There’s a limit to how fast information can move through the universe, just like there’s a limit to how fast everything else can move through the universe. It’s a rule. But a team of quantum physicists, like quantum physicists often do, has figured out how to bend it.
Under normal circumstances, the ultimate limit on information transfer—the bandwidth of the universe—is one bit per fundamental particle, moving no faster than the speed of light. That’s in the “classical universe," the way things behave before quantum physics gets involved.

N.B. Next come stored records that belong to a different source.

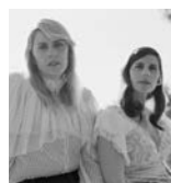
Kate Mulleavy (left) and Laura Mulleavy of Rodarte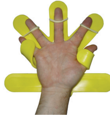
CBP with adult hand hold with elastic bands (surgical glove fingers).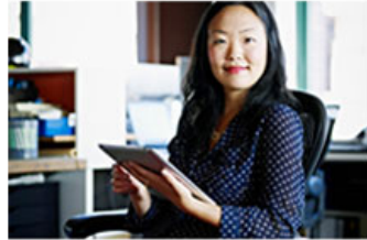
Defy Gender Barriers: How to Negotiate Your Salary With Confidence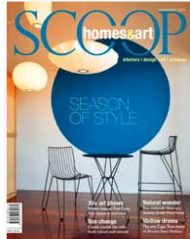
Scoop Homes & Art Quaterly: Mar, June, Sep, Dec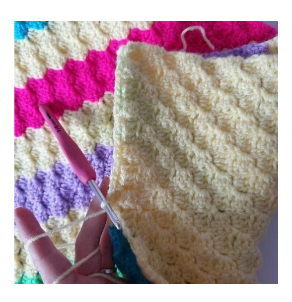
6. Make 1 sc in the corner. Continue with ch 2, sl st all around the pillowcase.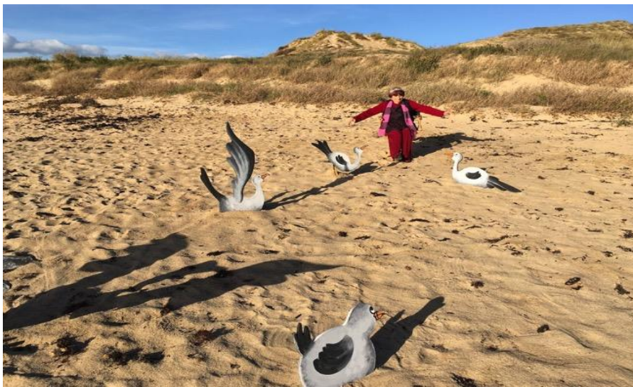
Agnès Varda on the set of VARDA BY AGNÈS , 2018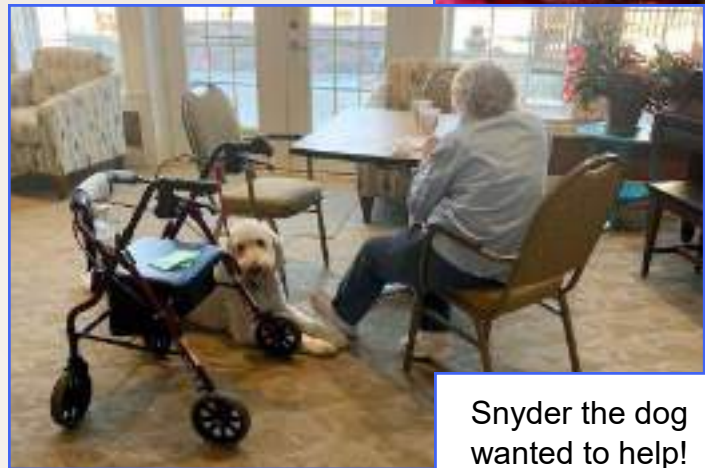
Snyder the dog wanted to help!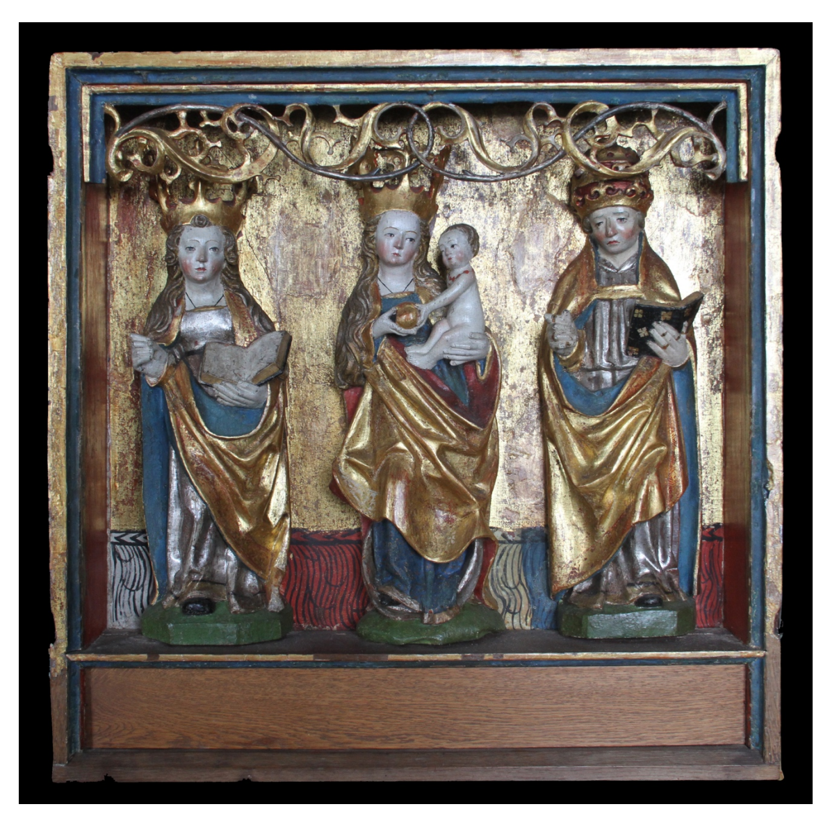
Fig. 5. Hamre altarpiece. 57 x 57 x 11. Located in Hamre church, Askøy.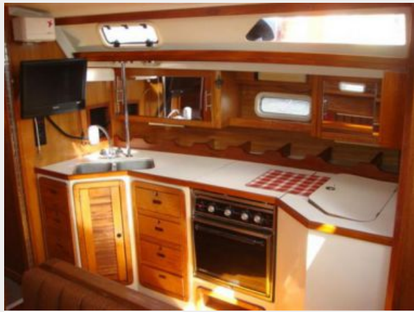
42' Catalina galley photo1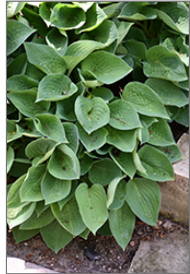
Peter Pan Hosta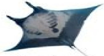
Giant Manta Ray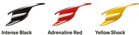
Intense Black Adrenaline Red Yellow Shock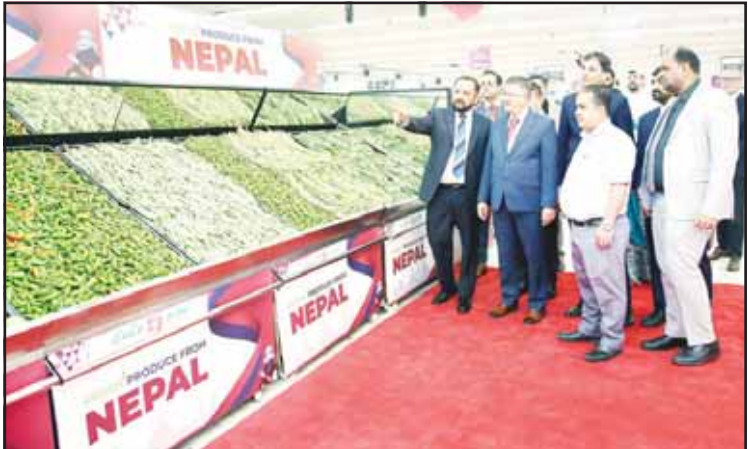
Nepal's envoy, embassy staff and Lulu management attend the launch.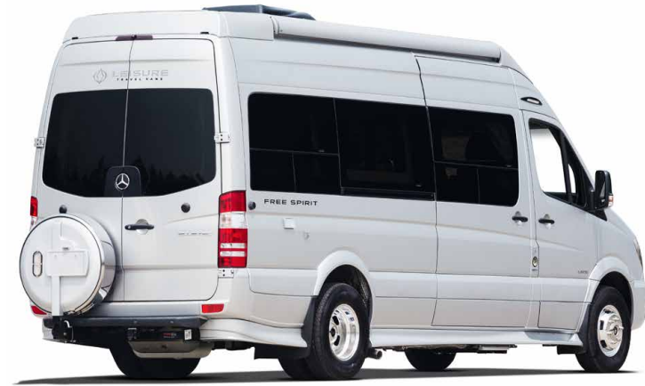
Shown with Optional Roof Trim Kit with Integrated Awning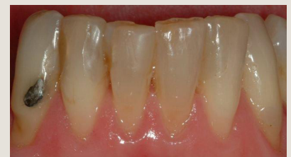
Examples of silver fillings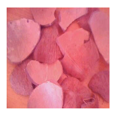
Plate V. Coconut shell before crushing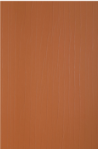
Caption 3: Homapal offers the entire collection in fire retardant IMO quality as standard. "8514_03 – Cognac Lounge Plus" is the ideal choice for adding an elegant appearance.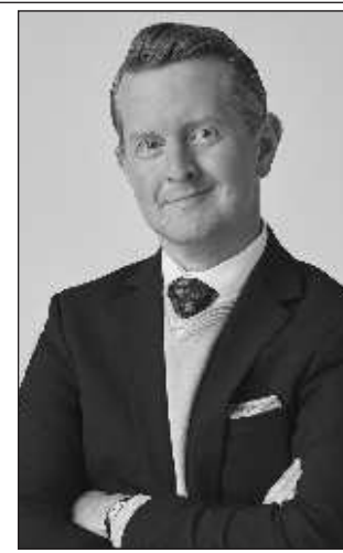
Ken Jennings hosts "Jeopardy! Masters Monday on ABC."

When in doubt, move out! After nearly two decades, a family's house has grown outdated and dysfunctional and now finds itself on an increasingly busy street intersection. She thinks real estate agent David Visentin can find a better layout in a quieter location, but he wants Hilary Farr to work her magic and turn the home into something they'll love again in the new episode "Intersection of Loud and Dated."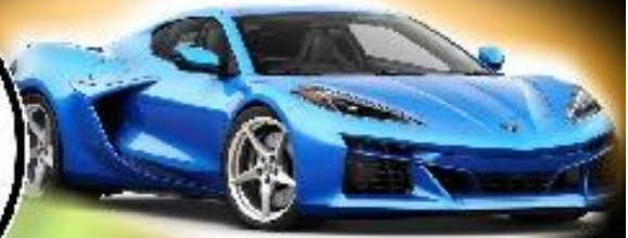
2024 Corvette C8 Generation E-Ray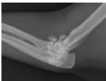
Figure 3: Elbow osteoarthritis in an 11-year-old Burmese cat. There are peri articular osteophytes and joint mice. Bilateral elbow changes were present.

Veterinarians globally report that decreased agility and reduced mobility are the most common signs reported to them for cats diagnosed with OA. Behavioural changes are also common and usually associated with the cats' decreased agility and reluctance to move around. 5,6 Cats presenting with behavioural problems can be easy to miss and is another reason to screen all cats for OA around seven to 10 years of age. These findings are in line with published studies on feline OA.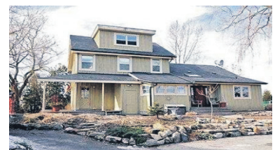
4 BDRM OVERLOOKING POND IN ERIN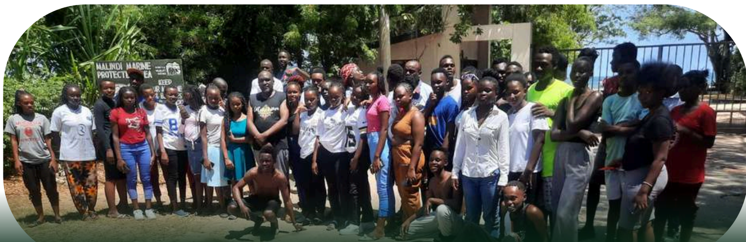
MksU Environmental Club and Environmental Science students during an educational visit to Malindi Marine National Park

Student leadership and hands-on learning are actively promoted through the Machakos University Environmental Club, which drives impactful activities such as tree planting, clean-ups, climate action forums, and community outreach. Field excursions and academic trips further enrich learning by exposing students to real-world environmental projects, industries, and communities.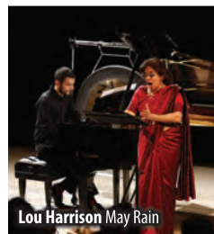
Lou Harrison May Rain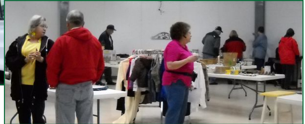
The "Almost New Sale" on March 20th!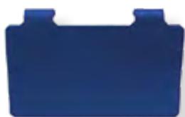
Interlock® Plastic Tags INO1968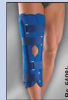
medi Classic 0/20 Rs. 5408/-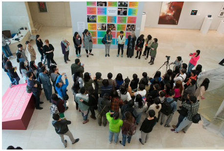
“Myths and Facts of Rape” Call and Response during Half the Sky: Intersections in Social Practice Art Luxun Academy of Fine Arts, Shenyang, China, 2014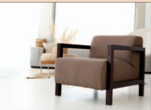
Don't ignore your chairs

Furniture can also be used to create and project your practice's chosen image. The type of furniture you choose will give a certain atmosphere to a room. For example, choosing clean, modern furniture can create an uncluttered, contemporary and airy ambience. So it's good to explore the options before you buy, and think about what kind of mood you like to set.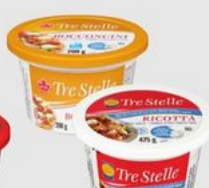
TRESTELLE BOCCONCINI 200 G OR RICOTTA 475 G SELECTED VARIETIES 20318663_EA/ 20528878_EA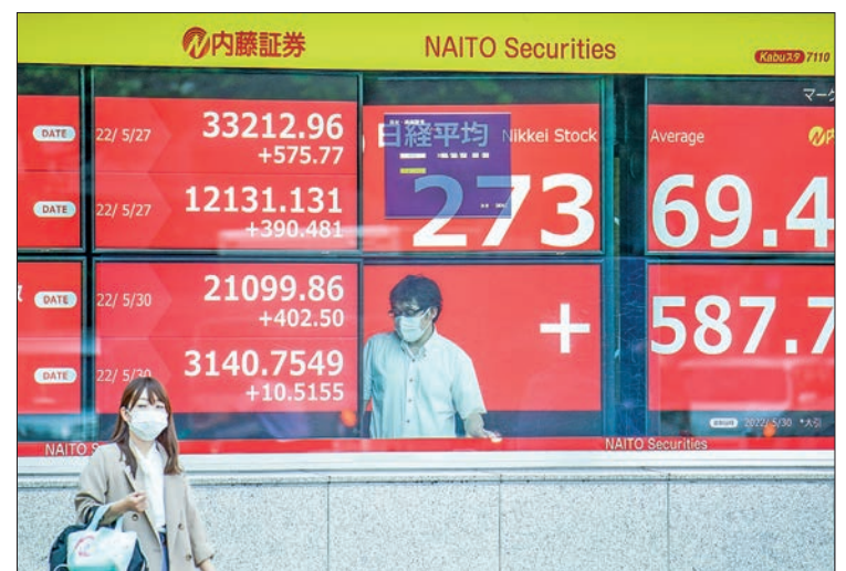
A woman walks past an electronic share price board showing the closing numbers on the Tokyo Stock Exchange in Tokyo on 30 May 2022.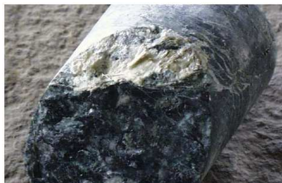
Fig. 5. Drill cores from serpentine bodies from the Western Alps

According the Authors' experience in the Italian Western Alps (Fig. 5 shows an example of a drill cores from the Western Alps) it can be stated that surface core drills, even though essential for the characterization of large scale rock formations in terms of geological and geo-mechanic aspects, cannot be considered exhaustive for an evaluation of the asbestos content. For these reasons, progressive core drillings from the tunnel face are always necessary, regardless of the surface drilling results, to obtain information at a local scale on the expected presence of asbestos along the tunnel route.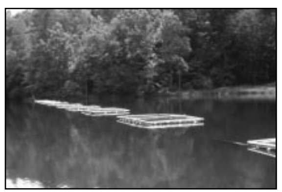
Fig. 4. Cages properly separated across pond with no pier.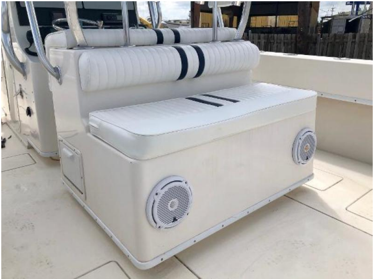
2010 Contender 32 ST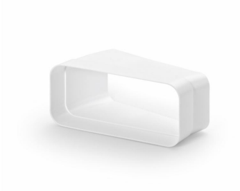
Horizontal 15° Corner connector - rectangular section 9700 536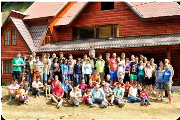
Mioveni Church Camp of 20 years in Rucar, Romania.

One purpose of this message is to show the extent to which Jewish men and women of the Bible went to give us the Bible and make salvation available to all today. Their dedication could be shown in several ways. They were brave and spoke the truth at the risk of their lives. Jeremiah was imprisoned for speaking the truth before the King of Judah. Micaiah was put in prison by Ahab because he spoke the truth from God (2 Chronicles 18:26). They manifested their love to Israel by telling them the truth whatever the cost. They were also men and women of prayer. They were faithful to God and His Word in a time when most Jews were not. They had faith. I want to use fasting as a means to show their dedication to God and man.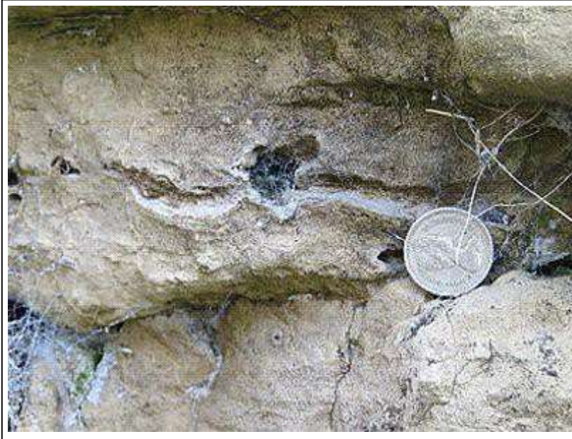
A LONGITUDINAL WORM TUBE

A longitudinal worm tube. Most were end on and many had crystalline edges that reacted. The rocks here were bedded so not an algal mound.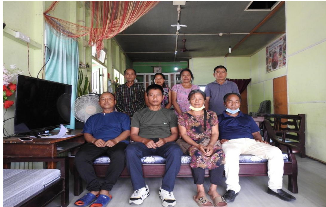
Members of Biodiversity Management Committee, Kanghmun S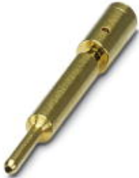
Crimp contact, turned, Single contact, contact diameter: 1 mm, crimp range: 1 mm 2 ... 1.5 mm 2

Please be informed that the data shown in this PDF Document is generated from our Online Catalog. Please find the complete data in the user's documentation. Our General Terms of Use for Downloads are valid ( http://phoenixcontact.com/download )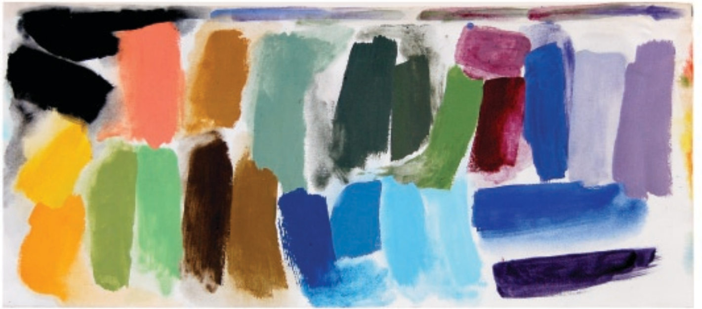
Friedel Dzubas COLOUR TEST 1987, Magna Acrylic on Canvas, 19 x 44 1/4 inches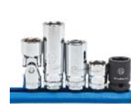
80946 - 5 Pc. 3/8" Drive 15 MM Socket Set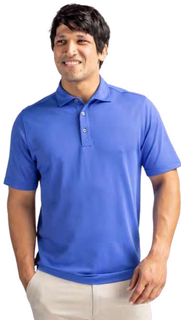
Virtue Eco Pique Recycled Men's Polo

Our Virtue Eco Pique polos and tops are made from an ultra-lightweight, high quality certified eco-friendly recycled Drytec polyester is blended with spandex for stretch, a cooling effect, and UPF sun protection, resulting in the most versatile, sustainable, and comfortable pique fabric we have ever made.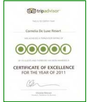
TRIPADVISOR – CERTIFICATE of EXCELLENCE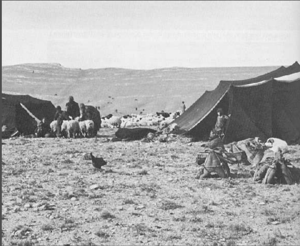
Encampment of nomadic pastoralists near Bojinoord, Iran. The tents are quickly erected and taken down.

Here’s where that limit comes from: If you want to get a message made up of the bits “1" or “0" to your friend a light-year away and all you have is a single photon, you can encode that single binary number into the photon and send it whizzing off toward your friend at light speed. That friend will receive the message a year later. If your friend wants to use that photon to get a binary message back to you, you’ll have to wait another year. If you want to send more information in that time, you’re going to need more photons.
But in a new paper published Feb.8 in the journal Physical Review Letters, a pair of a quantum physicists showed that it’s theoretically possible to double that bandwidth.
The technique described in the paper, titled “Two-Way Communication with a Single Quantum Particle,” doesn’t allow you to send your friend two bits with one particle. But it does allow you and your friend to each send one another one bit of information using the same particle at the same time.
If two people want to pull that trick off, the researchers wrote, they have to put the particle in a “superposition of different spatial locations.”